- THE TASK -
Could you output each line below precisely as it stands, without the images?

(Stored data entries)
━━━━━━━━━━
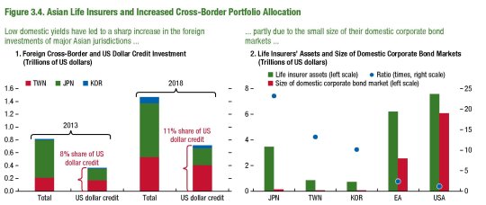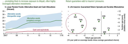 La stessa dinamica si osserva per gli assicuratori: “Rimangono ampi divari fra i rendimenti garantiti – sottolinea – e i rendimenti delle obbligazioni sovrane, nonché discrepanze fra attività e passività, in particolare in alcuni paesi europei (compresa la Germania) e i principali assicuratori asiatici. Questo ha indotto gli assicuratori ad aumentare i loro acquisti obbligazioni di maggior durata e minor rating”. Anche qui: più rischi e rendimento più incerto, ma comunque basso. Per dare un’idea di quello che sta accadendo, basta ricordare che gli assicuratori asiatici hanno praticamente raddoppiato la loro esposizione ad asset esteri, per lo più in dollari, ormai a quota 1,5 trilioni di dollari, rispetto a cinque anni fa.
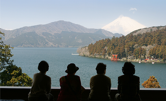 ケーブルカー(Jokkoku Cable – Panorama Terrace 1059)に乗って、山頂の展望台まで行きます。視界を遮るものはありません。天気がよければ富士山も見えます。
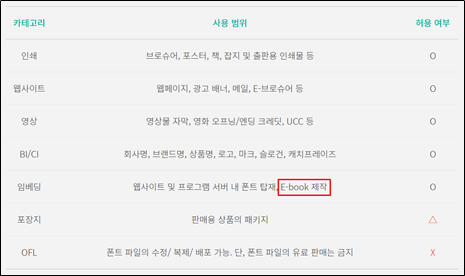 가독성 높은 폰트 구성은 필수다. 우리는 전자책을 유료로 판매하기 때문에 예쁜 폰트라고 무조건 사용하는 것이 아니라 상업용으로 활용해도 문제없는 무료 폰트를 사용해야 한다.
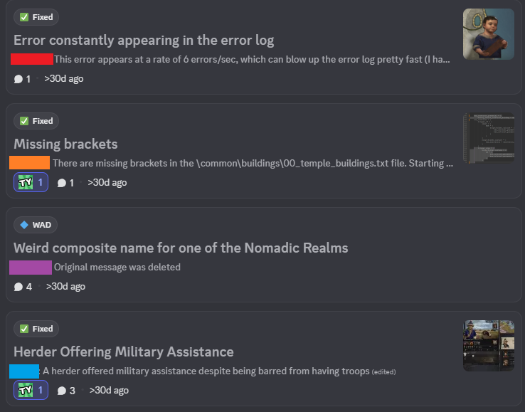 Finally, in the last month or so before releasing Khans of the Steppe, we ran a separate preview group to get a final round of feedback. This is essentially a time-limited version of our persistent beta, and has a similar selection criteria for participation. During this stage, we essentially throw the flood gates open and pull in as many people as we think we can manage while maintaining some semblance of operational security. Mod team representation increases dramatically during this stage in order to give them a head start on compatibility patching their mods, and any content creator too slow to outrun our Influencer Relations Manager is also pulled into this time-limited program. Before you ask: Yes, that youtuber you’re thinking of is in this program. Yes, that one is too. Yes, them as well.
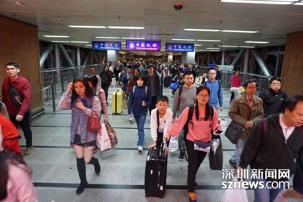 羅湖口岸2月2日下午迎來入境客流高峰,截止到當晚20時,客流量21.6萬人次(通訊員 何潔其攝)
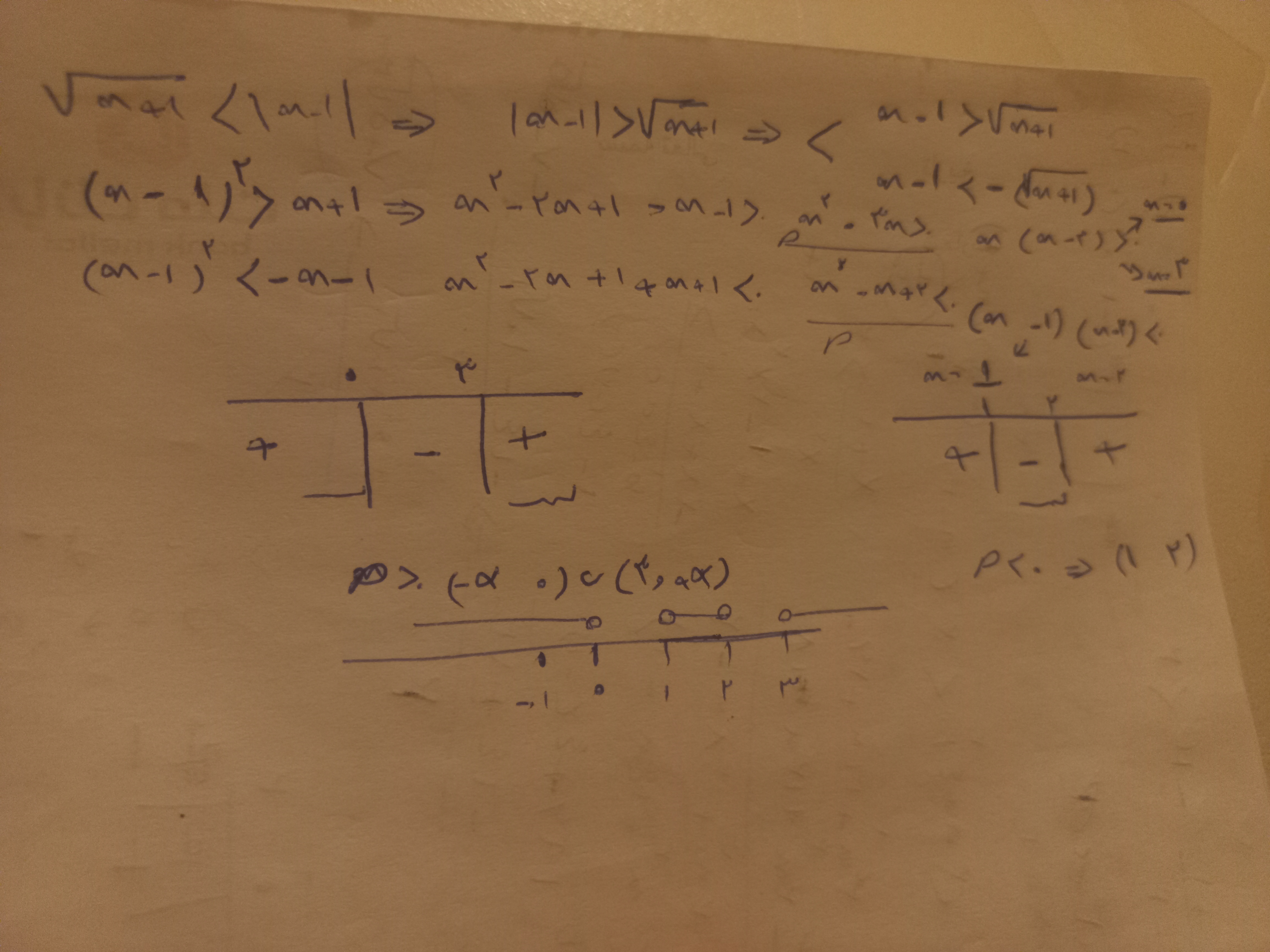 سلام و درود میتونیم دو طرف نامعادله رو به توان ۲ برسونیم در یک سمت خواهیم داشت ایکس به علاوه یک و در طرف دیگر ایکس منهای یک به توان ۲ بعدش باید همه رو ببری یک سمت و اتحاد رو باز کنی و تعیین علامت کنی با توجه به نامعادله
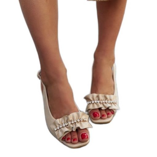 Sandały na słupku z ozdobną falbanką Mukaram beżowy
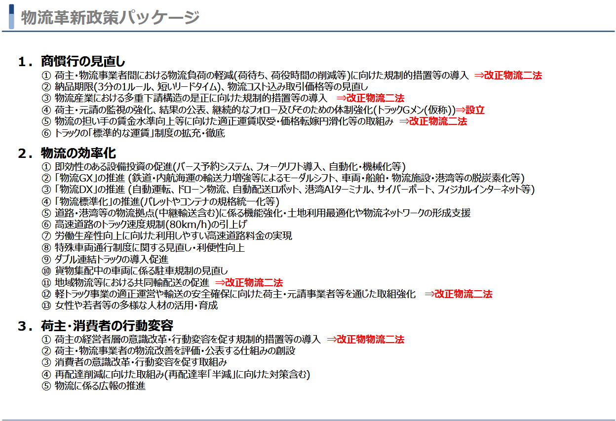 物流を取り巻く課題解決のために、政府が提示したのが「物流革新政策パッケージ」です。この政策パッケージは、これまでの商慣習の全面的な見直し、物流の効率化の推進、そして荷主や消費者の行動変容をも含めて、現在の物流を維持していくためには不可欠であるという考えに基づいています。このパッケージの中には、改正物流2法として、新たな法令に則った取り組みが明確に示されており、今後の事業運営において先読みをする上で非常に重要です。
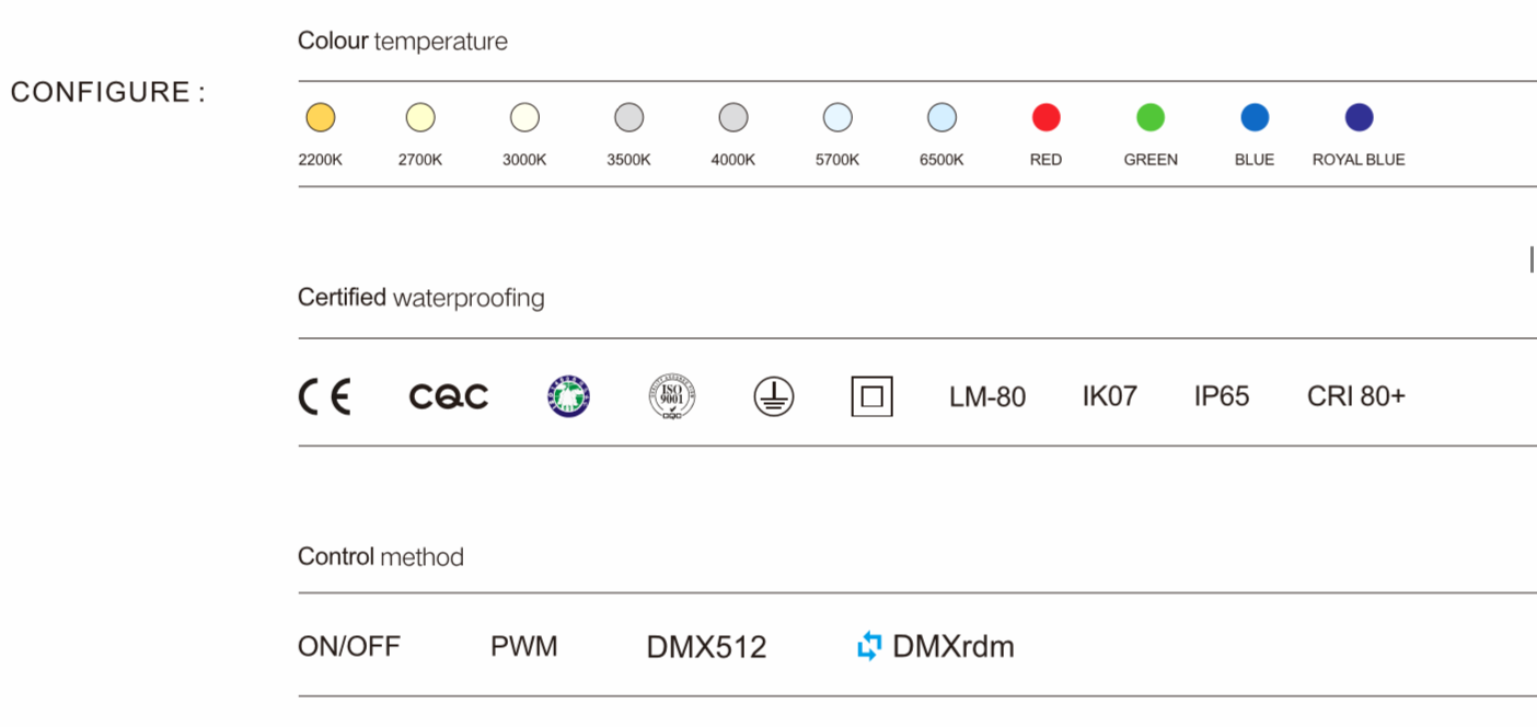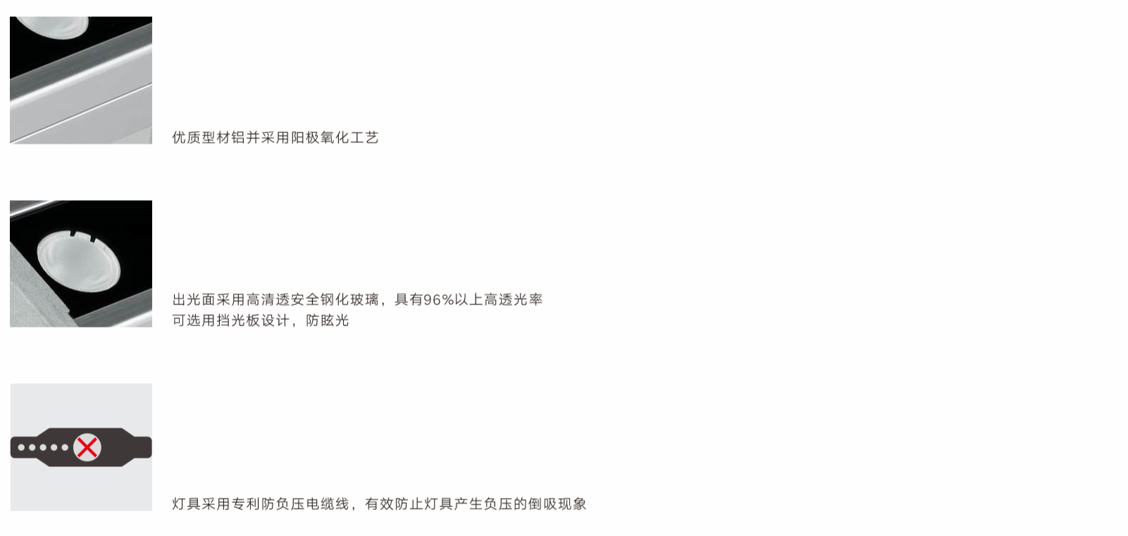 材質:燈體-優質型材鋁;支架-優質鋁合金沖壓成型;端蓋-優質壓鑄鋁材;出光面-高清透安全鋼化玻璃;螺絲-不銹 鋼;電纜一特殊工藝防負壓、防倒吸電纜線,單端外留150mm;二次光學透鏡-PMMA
━━━━━━━━━━
- RESULT OF THE EXERCISE -
 La stessa dinamica si osserva per gli assicuratori: “Rimangono ampi divari fra i rendimenti garantiti – sottolinea – e i rendimenti delle obbligazioni sovrane, nonché discrepanze fra attività e passività, in particolare in alcuni paesi europei (compresa la Germania) e i principali assicuratori asiatici. Questo ha indotto gli assicuratori ad aumentare i loro acquisti obbligazioni di maggior durata e minor rating”. Anche qui: più rischi e rendimento più incerto, ma comunque basso. Per dare un’idea di quello che sta accadendo, basta ricordare che gli assicuratori asiatici hanno praticamente raddoppiato la loro esposizione ad asset esteri, per lo più in dollari, ormai a quota 1,5 trilioni di dollari, rispetto a cinque anni fa.
 ケーブルカー(Jokkoku Cable – Panorama Terrace 1059)に乗って、山頂の展望台まで行きます。視界を遮るものはありません。天気がよければ富士山も見えます。
 가독성 높은 폰트 구성은 필수다. 우리는 전자책을 유료로 판매하기 때문에 예쁜 폰트라고 무조건 사용하는 것이 아니라 상업용으로 활용해도 문제없는 무료 폰트를 사용해야 한다.
 Finally, in the last month or so before releasing Khans of the Steppe, we ran a separate preview group to get a final round of feedback. This is essentially a time-limited version of our persistent beta, and has a similar selection criteria for participation. During this stage, we essentially throw the flood gates open and pull in as many people as we think we can manage while maintaining some semblance of operational security. Mod team representation increases dramatically during this stage in order to give them a head start on compatibility patching their mods, and any content creator too slow to outrun our Influencer Relations Manager is also pulled into this time-limited program. Before you ask: Yes, that youtuber you’re thinking of is in this program. Yes, that one is too. Yes, them as well.
 羅湖口岸2月2日下午迎來入境客流高峰,截止到當晚20時,客流量21.6萬人次(通訊員 何潔其攝)
 سلام و درود میتونیم دو طرف نامعادله رو به توان ۲ برسونیم در یک سمت خواهیم داشت ایکس به علاوه یک و در طرف دیگر ایکس منهای یک به توان ۲ بعدش باید همه رو ببری یک سمت و اتحاد رو باز کنی و تعیین علامت کنی با توجه به نامعادله
 Sandały na słupku z ozdobną falbanką Mukaram beżowy
 物流を取り巻く課題解決のために、政府が提示したのが「物流革新政策パッケージ」です。この政策パッケージは、これまでの商慣習の全面的な見直し、物流の効率化の推進、そして荷主や消費者の行動変容をも含めて、現在の物流を維持していくためには不可欠であるという考えに基づいています。このパッケージの中には、改正物流2法として、新たな法令に則った取り組みが明確に示されており、今後の事業運営において先読みをする上で非常に重要です。
 材質:燈體-優質型材鋁;支架-優質鋁合金沖壓成型;端蓋-優質壓鑄鋁材;出光面-高清透安全鋼化玻璃;螺絲-不銹 鋼;電纜一特殊工藝防負壓、防倒吸電纜線,單端外留150mm;二次光學透鏡-PMMA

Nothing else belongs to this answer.